Set down each entry from the block beneath, exactly as written.

┌─ Data to examine

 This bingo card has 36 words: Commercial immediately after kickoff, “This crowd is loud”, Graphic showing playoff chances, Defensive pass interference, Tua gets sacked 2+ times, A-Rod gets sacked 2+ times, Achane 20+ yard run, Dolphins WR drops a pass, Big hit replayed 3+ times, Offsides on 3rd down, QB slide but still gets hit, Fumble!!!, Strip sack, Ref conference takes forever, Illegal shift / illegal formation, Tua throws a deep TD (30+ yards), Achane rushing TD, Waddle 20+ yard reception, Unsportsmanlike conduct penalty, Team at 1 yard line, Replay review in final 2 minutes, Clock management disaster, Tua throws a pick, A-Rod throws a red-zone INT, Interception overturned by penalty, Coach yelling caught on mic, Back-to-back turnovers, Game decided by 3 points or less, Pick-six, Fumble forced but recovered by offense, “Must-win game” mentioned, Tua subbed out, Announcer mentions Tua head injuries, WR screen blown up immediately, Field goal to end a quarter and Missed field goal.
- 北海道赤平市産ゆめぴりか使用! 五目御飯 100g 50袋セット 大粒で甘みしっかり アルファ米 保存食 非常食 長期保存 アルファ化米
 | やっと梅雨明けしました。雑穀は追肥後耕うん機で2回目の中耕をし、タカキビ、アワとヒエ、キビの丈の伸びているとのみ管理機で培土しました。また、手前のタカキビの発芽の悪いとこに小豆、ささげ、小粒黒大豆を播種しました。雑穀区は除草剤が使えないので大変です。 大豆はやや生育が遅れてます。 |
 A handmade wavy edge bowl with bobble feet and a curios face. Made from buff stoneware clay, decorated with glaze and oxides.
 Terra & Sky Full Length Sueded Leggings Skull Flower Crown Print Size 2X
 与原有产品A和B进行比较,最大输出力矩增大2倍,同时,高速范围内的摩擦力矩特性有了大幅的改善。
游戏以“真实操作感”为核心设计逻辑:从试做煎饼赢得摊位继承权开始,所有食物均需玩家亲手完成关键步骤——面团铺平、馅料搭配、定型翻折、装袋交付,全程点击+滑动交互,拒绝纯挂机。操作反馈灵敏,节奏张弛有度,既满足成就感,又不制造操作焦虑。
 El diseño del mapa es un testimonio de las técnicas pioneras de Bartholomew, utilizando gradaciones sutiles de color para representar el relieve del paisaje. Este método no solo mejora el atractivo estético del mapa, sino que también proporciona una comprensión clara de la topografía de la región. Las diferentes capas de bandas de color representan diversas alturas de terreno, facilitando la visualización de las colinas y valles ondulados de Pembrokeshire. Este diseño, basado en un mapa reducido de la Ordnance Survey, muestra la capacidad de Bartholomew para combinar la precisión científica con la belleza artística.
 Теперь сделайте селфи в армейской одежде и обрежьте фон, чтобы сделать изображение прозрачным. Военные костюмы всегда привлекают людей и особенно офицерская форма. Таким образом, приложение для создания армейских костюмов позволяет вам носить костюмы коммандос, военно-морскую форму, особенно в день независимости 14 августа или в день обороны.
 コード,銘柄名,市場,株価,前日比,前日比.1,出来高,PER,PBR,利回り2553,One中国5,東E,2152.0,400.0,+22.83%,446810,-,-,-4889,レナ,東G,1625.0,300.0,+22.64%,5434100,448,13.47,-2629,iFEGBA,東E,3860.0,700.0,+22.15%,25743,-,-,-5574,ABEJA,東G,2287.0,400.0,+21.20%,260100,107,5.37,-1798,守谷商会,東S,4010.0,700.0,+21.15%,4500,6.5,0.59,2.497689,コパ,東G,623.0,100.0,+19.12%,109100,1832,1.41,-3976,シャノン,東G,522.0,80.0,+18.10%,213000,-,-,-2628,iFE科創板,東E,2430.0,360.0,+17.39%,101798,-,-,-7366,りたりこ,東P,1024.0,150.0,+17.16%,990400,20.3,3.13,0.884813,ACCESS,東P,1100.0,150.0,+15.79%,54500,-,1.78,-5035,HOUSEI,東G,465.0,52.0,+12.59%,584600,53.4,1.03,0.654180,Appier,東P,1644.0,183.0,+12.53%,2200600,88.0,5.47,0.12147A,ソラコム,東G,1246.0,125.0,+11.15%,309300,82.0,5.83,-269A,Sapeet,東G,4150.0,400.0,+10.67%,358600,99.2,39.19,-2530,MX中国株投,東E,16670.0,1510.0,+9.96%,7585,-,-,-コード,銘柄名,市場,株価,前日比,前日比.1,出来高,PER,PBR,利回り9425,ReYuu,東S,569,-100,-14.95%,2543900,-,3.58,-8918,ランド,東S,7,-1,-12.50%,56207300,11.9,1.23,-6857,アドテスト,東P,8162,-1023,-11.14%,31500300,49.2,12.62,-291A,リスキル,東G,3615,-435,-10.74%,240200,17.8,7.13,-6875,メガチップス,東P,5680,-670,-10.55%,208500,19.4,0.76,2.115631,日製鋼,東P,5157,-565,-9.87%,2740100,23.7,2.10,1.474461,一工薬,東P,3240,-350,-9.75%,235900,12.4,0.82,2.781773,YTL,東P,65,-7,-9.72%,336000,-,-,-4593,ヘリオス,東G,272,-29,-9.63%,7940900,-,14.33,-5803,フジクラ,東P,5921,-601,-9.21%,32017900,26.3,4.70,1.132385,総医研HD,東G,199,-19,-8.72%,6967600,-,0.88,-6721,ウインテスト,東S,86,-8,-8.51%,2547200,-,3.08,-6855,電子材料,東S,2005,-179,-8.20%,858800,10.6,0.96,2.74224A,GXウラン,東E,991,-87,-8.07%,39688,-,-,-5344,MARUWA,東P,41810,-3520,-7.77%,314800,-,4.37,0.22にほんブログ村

└─

Solution to this problem:
 This bingo card has 36 words: Commercial immediately after kickoff, “This crowd is loud”, Graphic showing playoff chances, Defensive pass interference, Tua gets sacked 2+ times, A-Rod gets sacked 2+ times, Achane 20+ yard run, Dolphins WR drops a pass, Big hit replayed 3+ times, Offsides on 3rd down, QB slide but still gets hit, Fumble!!!, Strip sack, Ref conference takes forever, Illegal shift / illegal formation, Tua throws a deep TD (30+ yards), Achane rushing TD, Waddle 20+ yard reception, Unsportsmanlike conduct penalty, Team at 1 yard line, Replay review in final 2 minutes, Clock management disaster, Tua throws a pick, A-Rod throws a red-zone INT, Interception overturned by penalty, Coach yelling caught on mic, Back-to-back turnovers, Game decided by 3 points or less, Pick-six, Fumble forced but recovered by offense, “Must-win game” mentioned, Tua subbed out, Announcer mentions Tua head injuries, WR screen blown up immediately, Field goal to end a quarter and Missed field goal.
- 北海道赤平市産ゆめぴりか使用! 五目御飯 100g 50袋セット 大粒で甘みしっかり アルファ米 保存食 非常食 長期保存 アルファ化米
 | やっと梅雨明けしました。雑穀は追肥後耕うん機で2回目の中耕をし、タカキビ、アワとヒエ、キビの丈の伸びているとのみ管理機で培土しました。また、手前のタカキビの発芽の悪いとこに小豆、ささげ、小粒黒大豆を播種しました。雑穀区は除草剤が使えないので大変です。 大豆はやや生育が遅れてます。 |
 A handmade wavy edge bowl with bobble feet and a curios face. Made from buff stoneware clay, decorated with glaze and oxides.
 Terra & Sky Full Length Sueded Leggings Skull Flower Crown Print Size 2X
 与原有产品A和B进行比较,最大输出力矩增大2倍,同时,高速范围内的摩擦力矩特性有了大幅的改善。
游戏以“真实操作感”为核心设计逻辑:从试做煎饼赢得摊位继承权开始,所有食物均需玩家亲手完成关键步骤——面团铺平、馅料搭配、定型翻折、装袋交付,全程点击+滑动交互,拒绝纯挂机。操作反馈灵敏,节奏张弛有度,既满足成就感,又不制造操作焦虑。
 El diseño del mapa es un testimonio de las técnicas pioneras de Bartholomew, utilizando gradaciones sutiles de color para representar el relieve del paisaje. Este método no solo mejora el atractivo estético del mapa, sino que también proporciona una comprensión clara de la topografía de la región. Las diferentes capas de bandas de color representan diversas alturas de terreno, facilitando la visualización de las colinas y valles ondulados de Pembrokeshire. Este diseño, basado en un mapa reducido de la Ordnance Survey, muestra la capacidad de Bartholomew para combinar la precisión científica con la belleza artística.
 Теперь сделайте селфи в армейской одежде и обрежьте фон, чтобы сделать изображение прозрачным. Военные костюмы всегда привлекают людей и особенно офицерская форма. Таким образом, приложение для создания армейских костюмов позволяет вам носить костюмы коммандос, военно-морскую форму, особенно в день независимости 14 августа или в день обороны.
 コード,銘柄名,市場,株価,前日比,前日比.1,出来高,PER,PBR,利回り2553,One中国5,東E,2152.0,400.0,+22.83%,446810,-,-,-4889,レナ,東G,1625.0,300.0,+22.64%,5434100,448,13.47,-2629,iFEGBA,東E,3860.0,700.0,+22.15%,25743,-,-,-5574,ABEJA,東G,2287.0,400.0,+21.20%,260100,107,5.37,-1798,守谷商会,東S,4010.0,700.0,+21.15%,4500,6.5,0.59,2.497689,コパ,東G,623.0,100.0,+19.12%,109100,1832,1.41,-3976,シャノン,東G,522.0,80.0,+18.10%,213000,-,-,-2628,iFE科創板,東E,2430.0,360.0,+17.39%,101798,-,-,-7366,りたりこ,東P,1024.0,150.0,+17.16%,990400,20.3,3.13,0.884813,ACCESS,東P,1100.0,150.0,+15.79%,54500,-,1.78,-5035,HOUSEI,東G,465.0,52.0,+12.59%,584600,53.4,1.03,0.654180,Appier,東P,1644.0,183.0,+12.53%,2200600,88.0,5.47,0.12147A,ソラコム,東G,1246.0,125.0,+11.15%,309300,82.0,5.83,-269A,Sapeet,東G,4150.0,400.0,+10.67%,358600,99.2,39.19,-2530,MX中国株投,東E,16670.0,1510.0,+9.96%,7585,-,-,-コード,銘柄名,市場,株価,前日比,前日比.1,出来高,PER,PBR,利回り9425,ReYuu,東S,569,-100,-14.95%,2543900,-,3.58,-8918,ランド,東S,7,-1,-12.50%,56207300,11.9,1.23,-6857,アドテスト,東P,8162,-1023,-11.14%,31500300,49.2,12.62,-291A,リスキル,東G,3615,-435,-10.74%,240200,17.8,7.13,-6875,メガチップス,東P,5680,-670,-10.55%,208500,19.4,0.76,2.115631,日製鋼,東P,5157,-565,-9.87%,2740100,23.7,2.10,1.474461,一工薬,東P,3240,-350,-9.75%,235900,12.4,0.82,2.781773,YTL,東P,65,-7,-9.72%,336000,-,-,-4593,ヘリオス,東G,272,-29,-9.63%,7940900,-,14.33,-5803,フジクラ,東P,5921,-601,-9.21%,32017900,26.3,4.70,1.132385,総医研HD,東G,199,-19,-8.72%,6967600,-,0.88,-6721,ウインテスト,東S,86,-8,-8.51%,2547200,-,3.08,-6855,電子材料,東S,2005,-179,-8.20%,858800,10.6,0.96,2.74224A,GXウラン,東E,991,-87,-8.07%,39688,-,-,-5344,MARUWA,東P,41810,-3520,-7.77%,314800,-,4.37,0.22にほんブログ村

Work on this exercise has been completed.